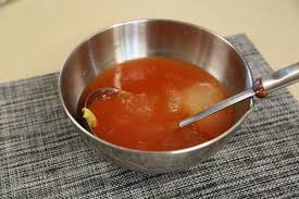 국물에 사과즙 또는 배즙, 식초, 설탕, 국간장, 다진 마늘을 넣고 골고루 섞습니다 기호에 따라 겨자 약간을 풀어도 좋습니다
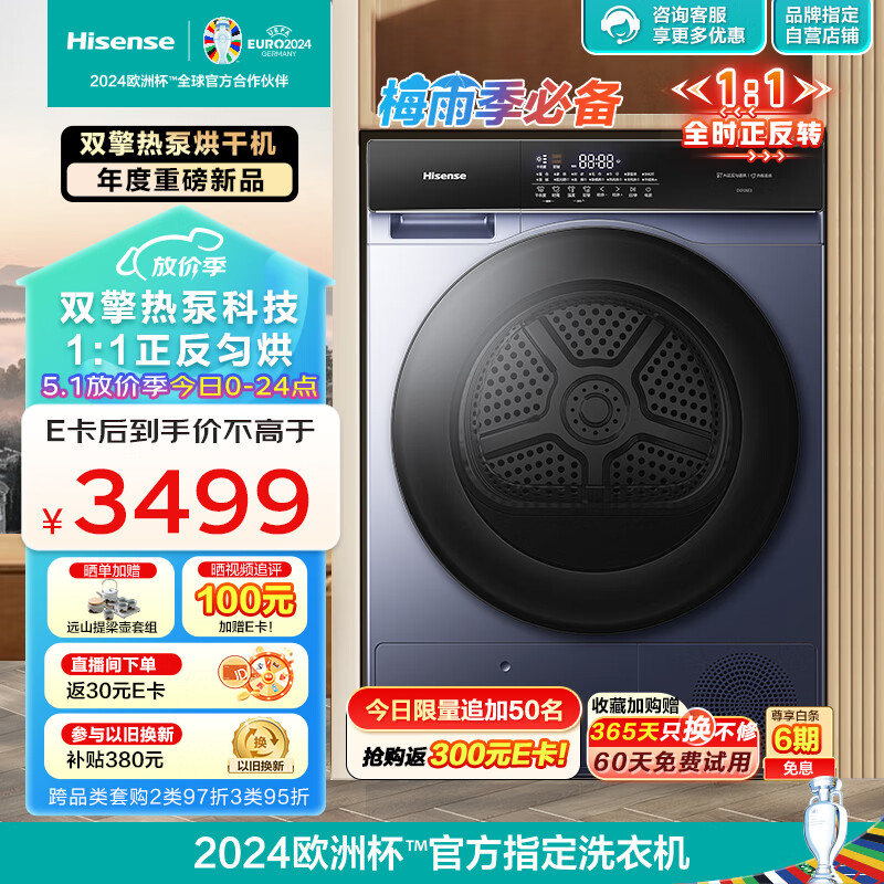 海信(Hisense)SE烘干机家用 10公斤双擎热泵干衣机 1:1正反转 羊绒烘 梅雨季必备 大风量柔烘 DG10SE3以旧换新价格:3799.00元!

---

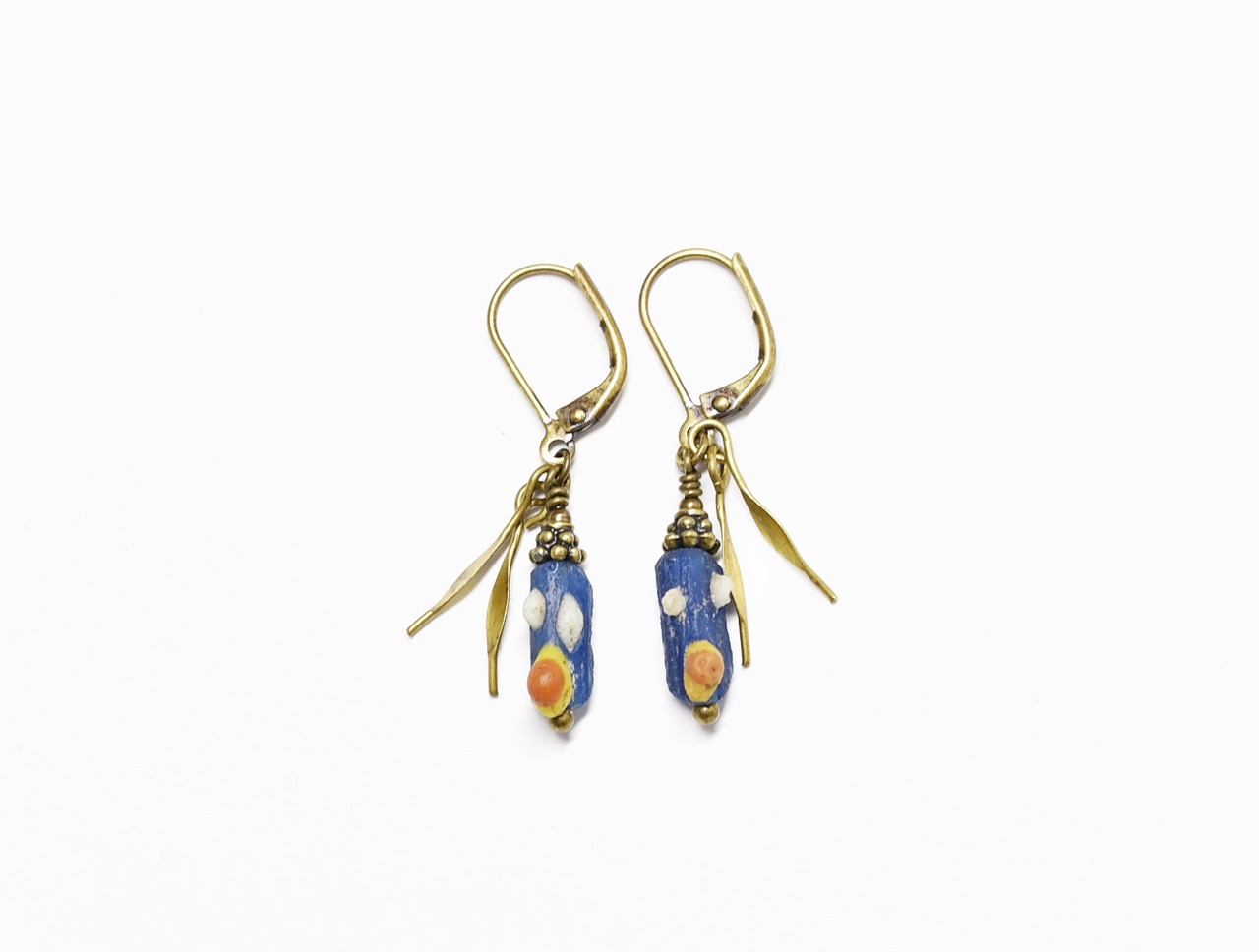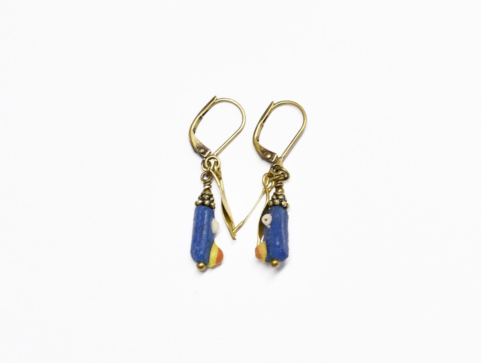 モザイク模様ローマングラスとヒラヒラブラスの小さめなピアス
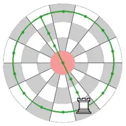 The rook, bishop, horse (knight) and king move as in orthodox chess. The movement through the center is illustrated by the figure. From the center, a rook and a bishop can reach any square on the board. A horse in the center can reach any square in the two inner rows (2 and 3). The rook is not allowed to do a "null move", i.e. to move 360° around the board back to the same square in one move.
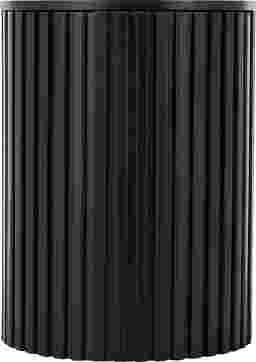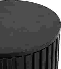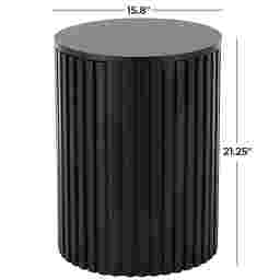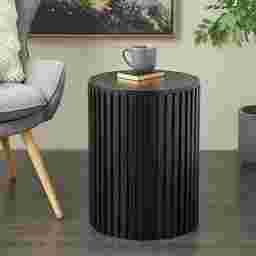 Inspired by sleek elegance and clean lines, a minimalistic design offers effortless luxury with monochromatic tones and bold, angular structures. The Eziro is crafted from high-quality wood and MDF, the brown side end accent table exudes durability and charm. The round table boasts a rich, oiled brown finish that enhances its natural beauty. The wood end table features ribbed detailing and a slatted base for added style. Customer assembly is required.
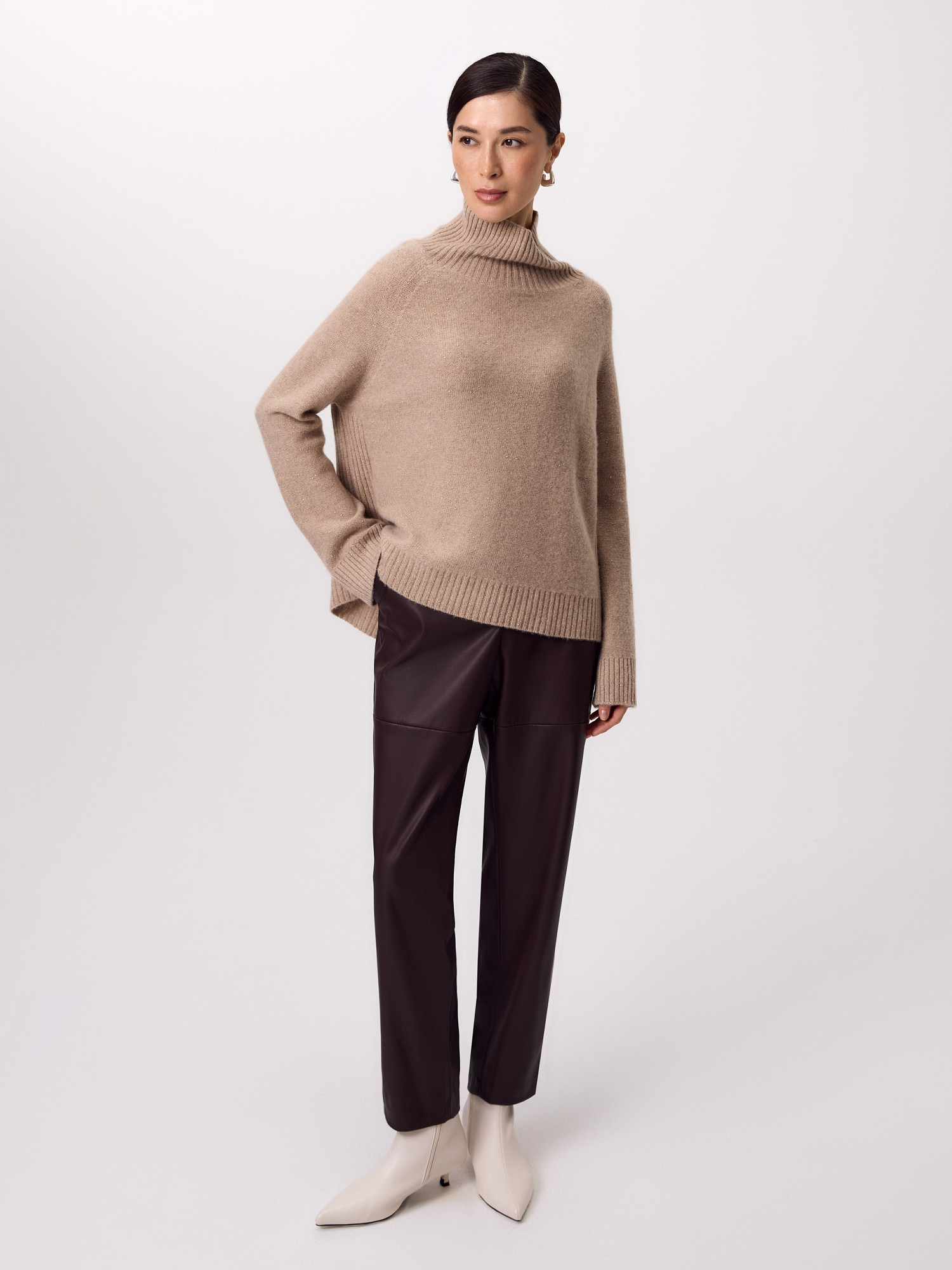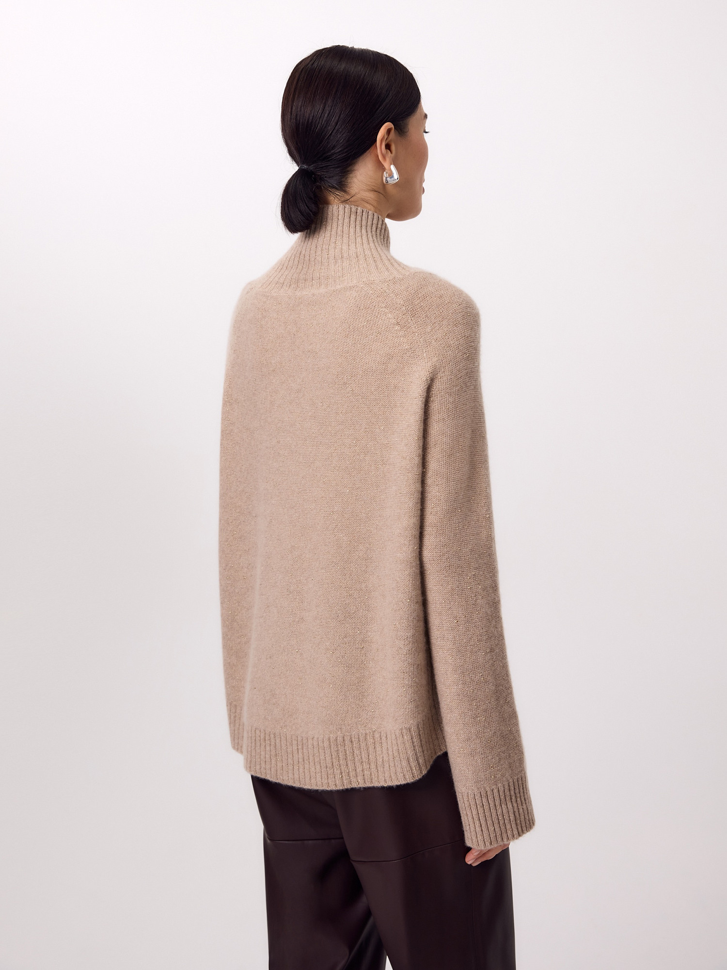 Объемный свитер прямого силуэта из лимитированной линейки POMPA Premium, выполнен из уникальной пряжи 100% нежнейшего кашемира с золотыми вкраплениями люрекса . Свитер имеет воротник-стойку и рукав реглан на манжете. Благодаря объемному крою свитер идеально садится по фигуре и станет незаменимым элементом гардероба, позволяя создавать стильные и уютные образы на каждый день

* * *

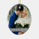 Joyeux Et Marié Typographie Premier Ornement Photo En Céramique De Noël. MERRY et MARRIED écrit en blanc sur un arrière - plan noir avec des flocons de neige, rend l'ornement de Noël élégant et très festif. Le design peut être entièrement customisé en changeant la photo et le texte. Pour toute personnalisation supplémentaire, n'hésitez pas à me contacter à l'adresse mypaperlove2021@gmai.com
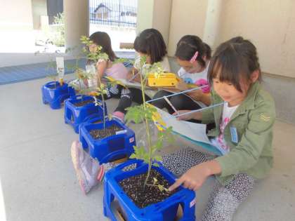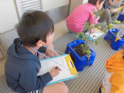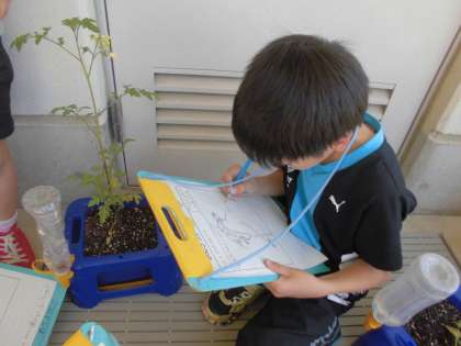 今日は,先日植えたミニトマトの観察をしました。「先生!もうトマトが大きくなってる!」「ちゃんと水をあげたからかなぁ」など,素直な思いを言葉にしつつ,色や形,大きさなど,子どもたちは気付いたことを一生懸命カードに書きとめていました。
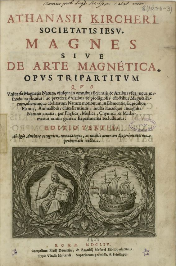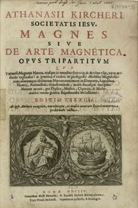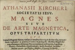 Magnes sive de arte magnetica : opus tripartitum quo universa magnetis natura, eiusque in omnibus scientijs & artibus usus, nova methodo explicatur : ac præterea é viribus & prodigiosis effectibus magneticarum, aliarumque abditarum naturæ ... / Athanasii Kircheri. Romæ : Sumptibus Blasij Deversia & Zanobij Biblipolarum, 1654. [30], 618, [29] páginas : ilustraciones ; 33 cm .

PROBLEM DESCRIPTION:
Taking the entries above, extract every line from the one bearing "今日は,先日植えたミニトマト" through the one bearing "Magnes sive de", exactly, with no pictures.

EXERCISE OUTPUT:
 今日は,先日植えたミニトマトの観察をしました。「先生!もうトマトが大きくなってる!」「ちゃんと水をあげたからかなぁ」など,素直な思いを言葉にしつつ,色や形,大きさなど,子どもたちは気付いたことを一生懸命カードに書きとめていました。
 Magnes sive de arte magnetica : opus tripartitum quo universa magnetis natura, eiusque in omnibus scientijs & artibus usus, nova methodo explicatur : ac præterea é viribus & prodigiosis effectibus magneticarum, aliarumque abditarum naturæ ... / Athanasii Kircheri. Romæ : Sumptibus Blasij Deversia & Zanobij Biblipolarum, 1654. [30], 618, [29] páginas : ilustraciones ; 33 cm .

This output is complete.